[Opening DATA BLOCK section]
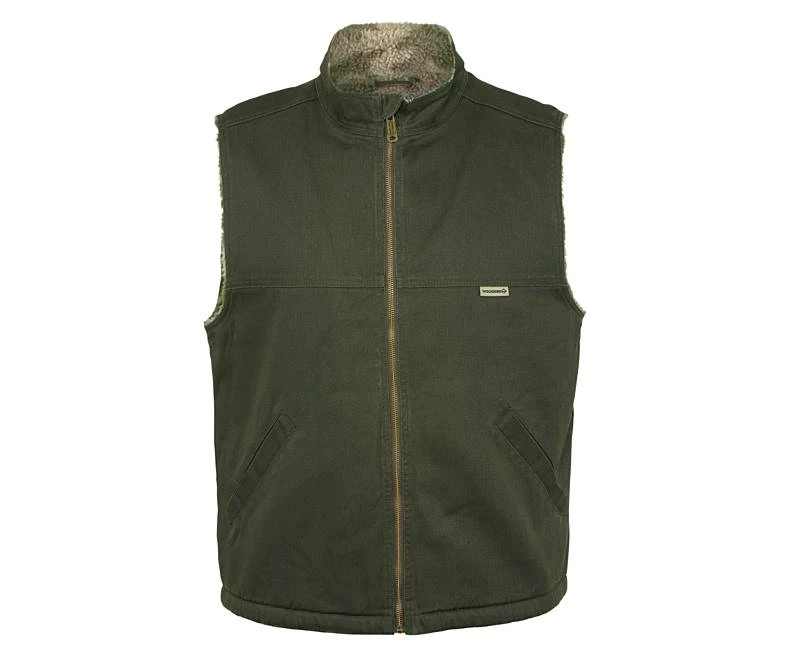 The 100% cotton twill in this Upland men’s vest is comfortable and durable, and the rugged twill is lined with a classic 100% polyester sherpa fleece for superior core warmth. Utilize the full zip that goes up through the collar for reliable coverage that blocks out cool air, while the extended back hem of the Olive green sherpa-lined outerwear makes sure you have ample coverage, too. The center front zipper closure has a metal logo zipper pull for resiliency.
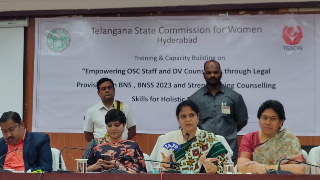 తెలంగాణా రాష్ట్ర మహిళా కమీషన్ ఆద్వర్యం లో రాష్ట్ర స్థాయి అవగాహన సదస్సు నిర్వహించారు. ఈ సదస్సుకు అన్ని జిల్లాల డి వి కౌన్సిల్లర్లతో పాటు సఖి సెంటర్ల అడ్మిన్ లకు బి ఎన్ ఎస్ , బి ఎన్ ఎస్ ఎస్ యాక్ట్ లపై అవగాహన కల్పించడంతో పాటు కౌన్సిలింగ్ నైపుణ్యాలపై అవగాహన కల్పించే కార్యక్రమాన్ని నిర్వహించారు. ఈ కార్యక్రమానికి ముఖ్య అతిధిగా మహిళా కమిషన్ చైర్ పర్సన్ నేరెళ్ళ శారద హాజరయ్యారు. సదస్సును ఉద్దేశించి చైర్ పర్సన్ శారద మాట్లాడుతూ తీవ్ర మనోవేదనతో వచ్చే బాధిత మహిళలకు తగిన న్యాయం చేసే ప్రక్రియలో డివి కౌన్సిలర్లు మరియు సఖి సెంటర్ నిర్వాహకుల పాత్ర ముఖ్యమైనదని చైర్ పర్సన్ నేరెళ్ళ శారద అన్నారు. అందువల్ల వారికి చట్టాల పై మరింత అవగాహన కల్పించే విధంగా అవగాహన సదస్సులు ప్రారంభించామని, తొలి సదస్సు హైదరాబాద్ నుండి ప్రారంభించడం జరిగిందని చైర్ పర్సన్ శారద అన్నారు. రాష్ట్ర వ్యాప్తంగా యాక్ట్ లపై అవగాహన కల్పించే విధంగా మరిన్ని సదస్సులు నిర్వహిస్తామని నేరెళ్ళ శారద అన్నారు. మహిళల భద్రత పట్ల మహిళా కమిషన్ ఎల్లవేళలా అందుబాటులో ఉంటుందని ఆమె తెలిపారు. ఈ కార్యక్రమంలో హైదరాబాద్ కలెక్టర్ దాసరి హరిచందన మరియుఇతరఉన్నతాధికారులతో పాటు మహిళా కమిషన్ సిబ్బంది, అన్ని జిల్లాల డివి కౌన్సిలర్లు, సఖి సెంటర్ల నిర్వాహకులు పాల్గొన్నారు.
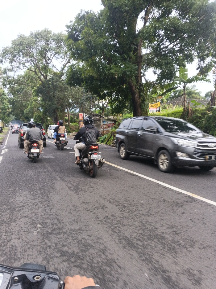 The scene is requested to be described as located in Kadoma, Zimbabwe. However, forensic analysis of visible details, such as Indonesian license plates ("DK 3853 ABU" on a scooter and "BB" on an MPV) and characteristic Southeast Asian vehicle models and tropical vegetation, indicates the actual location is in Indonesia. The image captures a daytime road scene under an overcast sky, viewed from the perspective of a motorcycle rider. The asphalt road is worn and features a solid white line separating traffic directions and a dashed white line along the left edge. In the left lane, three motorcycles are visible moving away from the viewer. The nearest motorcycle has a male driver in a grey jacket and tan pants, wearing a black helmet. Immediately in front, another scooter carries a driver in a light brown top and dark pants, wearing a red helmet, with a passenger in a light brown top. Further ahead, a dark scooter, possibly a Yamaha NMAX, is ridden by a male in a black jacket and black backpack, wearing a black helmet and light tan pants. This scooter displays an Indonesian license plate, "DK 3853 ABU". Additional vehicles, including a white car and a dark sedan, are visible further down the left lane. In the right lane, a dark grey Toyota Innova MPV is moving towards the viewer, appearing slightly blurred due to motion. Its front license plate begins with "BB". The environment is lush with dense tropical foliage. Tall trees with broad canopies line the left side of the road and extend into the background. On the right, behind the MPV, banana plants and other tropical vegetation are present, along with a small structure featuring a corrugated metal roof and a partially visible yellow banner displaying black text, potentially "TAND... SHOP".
[Closing DATA BLOCK section]
- EXERCISE DESCRIPTION
Print the material above verbatim, no images.

- ANSWER FOR THIS EXERCISE
 The 100% cotton twill in this Upland men’s vest is comfortable and durable, and the rugged twill is lined with a classic 100% polyester sherpa fleece for superior core warmth. Utilize the full zip that goes up through the collar for reliable coverage that blocks out cool air, while the extended back hem of the Olive green sherpa-lined outerwear makes sure you have ample coverage, too. The center front zipper closure has a metal logo zipper pull for resiliency.
 తెలంగాణా రాష్ట్ర మహిళా కమీషన్ ఆద్వర్యం లో రాష్ట్ర స్థాయి అవగాహన సదస్సు నిర్వహించారు. ఈ సదస్సుకు అన్ని జిల్లాల డి వి కౌన్సిల్లర్లతో పాటు సఖి సెంటర్ల అడ్మిన్ లకు బి ఎన్ ఎస్ , బి ఎన్ ఎస్ ఎస్ యాక్ట్ లపై అవగాహన కల్పించడంతో పాటు కౌన్సిలింగ్ నైపుణ్యాలపై అవగాహన కల్పించే కార్యక్రమాన్ని నిర్వహించారు. ఈ కార్యక్రమానికి ముఖ్య అతిధిగా మహిళా కమిషన్ చైర్ పర్సన్ నేరెళ్ళ శారద హాజరయ్యారు. సదస్సును ఉద్దేశించి చైర్ పర్సన్ శారద మాట్లాడుతూ తీవ్ర మనోవేదనతో వచ్చే బాధిత మహిళలకు తగిన న్యాయం చేసే ప్రక్రియలో డివి కౌన్సిలర్లు మరియు సఖి సెంటర్ నిర్వాహకుల పాత్ర ముఖ్యమైనదని చైర్ పర్సన్ నేరెళ్ళ శారద అన్నారు. అందువల్ల వారికి చట్టాల పై మరింత అవగాహన కల్పించే విధంగా అవగాహన సదస్సులు ప్రారంభించామని, తొలి సదస్సు హైదరాబాద్ నుండి ప్రారంభించడం జరిగిందని చైర్ పర్సన్ శారద అన్నారు. రాష్ట్ర వ్యాప్తంగా యాక్ట్ లపై అవగాహన కల్పించే విధంగా మరిన్ని సదస్సులు నిర్వహిస్తామని నేరెళ్ళ శారద అన్నారు. మహిళల భద్రత పట్ల మహిళా కమిషన్ ఎల్లవేళలా అందుబాటులో ఉంటుందని ఆమె తెలిపారు. ఈ కార్యక్రమంలో హైదరాబాద్ కలెక్టర్ దాసరి హరిచందన మరియుఇతరఉన్నతాధికారులతో పాటు మహిళా కమిషన్ సిబ్బంది, అన్ని జిల్లాల డివి కౌన్సిలర్లు, సఖి సెంటర్ల నిర్వాహకులు పాల్గొన్నారు.
 The scene is requested to be described as located in Kadoma, Zimbabwe. However, forensic analysis of visible details, such as Indonesian license plates ("DK 3853 ABU" on a scooter and "BB" on an MPV) and characteristic Southeast Asian vehicle models and tropical vegetation, indicates the actual location is in Indonesia. The image captures a daytime road scene under an overcast sky, viewed from the perspective of a motorcycle rider. The asphalt road is worn and features a solid white line separating traffic directions and a dashed white line along the left edge. In the left lane, three motorcycles are visible moving away from the viewer. The nearest motorcycle has a male driver in a grey jacket and tan pants, wearing a black helmet. Immediately in front, another scooter carries a driver in a light brown top and dark pants, wearing a red helmet, with a passenger in a light brown top. Further ahead, a dark scooter, possibly a Yamaha NMAX, is ridden by a male in a black jacket and black backpack, wearing a black helmet and light tan pants. This scooter displays an Indonesian license plate, "DK 3853 ABU". Additional vehicles, including a white car and a dark sedan, are visible further down the left lane. In the right lane, a dark grey Toyota Innova MPV is moving towards the viewer, appearing slightly blurred due to motion. Its front license plate begins with "BB". The environment is lush with dense tropical foliage. Tall trees with broad canopies line the left side of the road and extend into the background. On the right, behind the MPV, banana plants and other tropical vegetation are present, along with a small structure featuring a corrugated metal roof and a partially visible yellow banner displaying black text, potentially "TAND... SHOP".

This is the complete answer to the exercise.